Enantiomer Resolution of Intrinsically Chiral C21‐Alkylated N‐Confused Porphyrin Complexes

The resolution of stereoisomers of C21‐alkylated nickel(II) complexes of N‐confused porphyrin (NCP) was performed by means of chiral‐phase HPLC with an effectiveness of above 90 % molar ratio for each isomer. The reverse signs of the Cotton effects in the circular dichroism (CD) spectra of the separated fractions are indicative of the pair of enantiomers. The application of low‐temperature 2D NMR methods to the separated diastereomers of the system comprising a chiral 2‐( S )‐methylbutyl substituent, in connection with the CD spectra and relative HPLC migration rates, allowed the assignment of the absolute configuration of the chiral C21‐substituted complexes of NCP. The assignment was confirmed by time‐dependent DFT (TDDFT) calculations of CD spectra for the C21‐methylated nickel(II) complex. The system remains chiral after removal of the metal ion from the macrocyclic crevice, despite the fact that this demetalation is connected with a change of the C21 hybridization from pyramidal to trigonal. The retention of chirality was established by means of CD spectra and confirmed by TDDFT calculations for a C21‐methylated NCP free base. Stereoisomers were also separated for three covalently linked bis(NCP) systems with bridges involving one or two C21 carbon atoms. The occurrence of a pair of enantiomers was established for nonsymmetrical dimers comprising only one stereogenic center.
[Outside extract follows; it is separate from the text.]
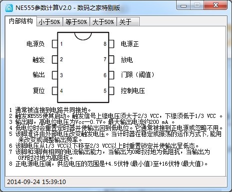 ne555参数计算器是一款专业的电路参数的计算工具软件。软件可以帮助使用者计算电路频率、电路占空比、电阻、电源等参数。软件支持三种环境之下的计算包括小于50%、等于50%、大于50%。软件的功能放置的位置很明显,可以让使用者快速找到需要计算的模式。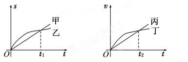 5、选择题 如图所示的位移(s)—时间(t)图象和速度(v)—时间(t)图象中给出四条图线,甲、乙、丙、丁代表四辆车由同一地点向同一方向运动的情况,则下列说法正确的是

In the case of the 21,21′‐( o ‐xylene)‐linked dimer, three stereoisomers, that is, a pair of enantiomers and an optically inactive meso ‐form, were separated and analyzed by CD and 1 H NMR spectroscopy. The stereoisomers of a diastereoselectively formed nonsymmetrical chloroplatinum(II)‐linked dimer, consisting of heterochiral C21‐alkylated NCP nickel(II) subunits, after separation displayed a strong optical activity, which can be ascribed to the rigid helical structure of the complex.